OSCon I'm looking forward to the Open Source Convention in Portland next week. I primarily use Microsoft tools for development, so this should be a good overview of what's happening in the land of the free. I have been working with Perl quite a bit lately and I hope to catch some advice from the experts. The conference seems to include a discussion of open systems rather than exclusively "open source" software, and open systems are something I'm very interested in. The Emerging Topics track looks great, especially Bill of Rights for Web Services on Thursday.

My AdSense Stats

I'm playing around with Google's new AdSense ads on the snapGallery page. You can follow along by watching the "Ad Stats" box directly underneath the vertical ad banner on the right-hand side of the page. It's updated every two hours with the latest statistics for that banner. Since I added the Google ads on June 24th, they've been clicked 31 times and I've made $3.70. We'll see how it goes.

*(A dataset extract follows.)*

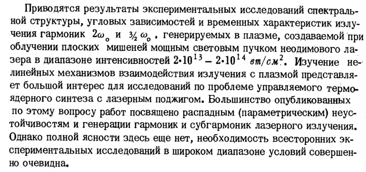 Приводятся результаты экспериментальных исследований спектральной структуры, угловых зависимостей и временных характеристик излучения гармоник 2ωο и % ωο , генерируемых в плазме, создаваемой при облучении плоских мишеней мощным световым пучком неодимового лазера в диапазоне интенсивностей 2-1013 2-1014 вт/см2. Изучение нелинейных механизмов взаимодействия излучения с плазмой представляет большой интерес для исследований по проблеме управляемого термоядерного синтеза с лазерным поджигом. Большинство опубликованных по этому вопросу работ посвящено распадным (параметрическим) неуо тойчивостям и генерации гармоник и субгармоник лазерного излучения. Однако полной ясности здесь еще нет, необходимость всесторонних экспериментальных исследований в широком диапазоне условий совершенно очевидна.
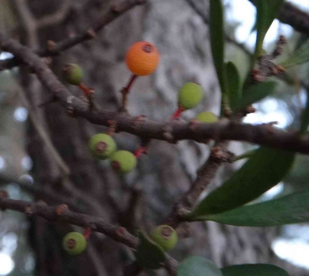実の時期は3月過ぎらしいのでまだほとんどは青いままです。

Of course any profits from this experiment will go toward onfocus infrastructure maintenance/improvement—with the savings passed on to you!

Amazon weblog

An Amazon developer is keeping a weblog about what it's like to be an Amazon developer. [via Anil] I wonder what sort of weblog policies they have, and how closely this is monitored before/after publishing. What if Amazon gave every employee a weblog on Amazon.com?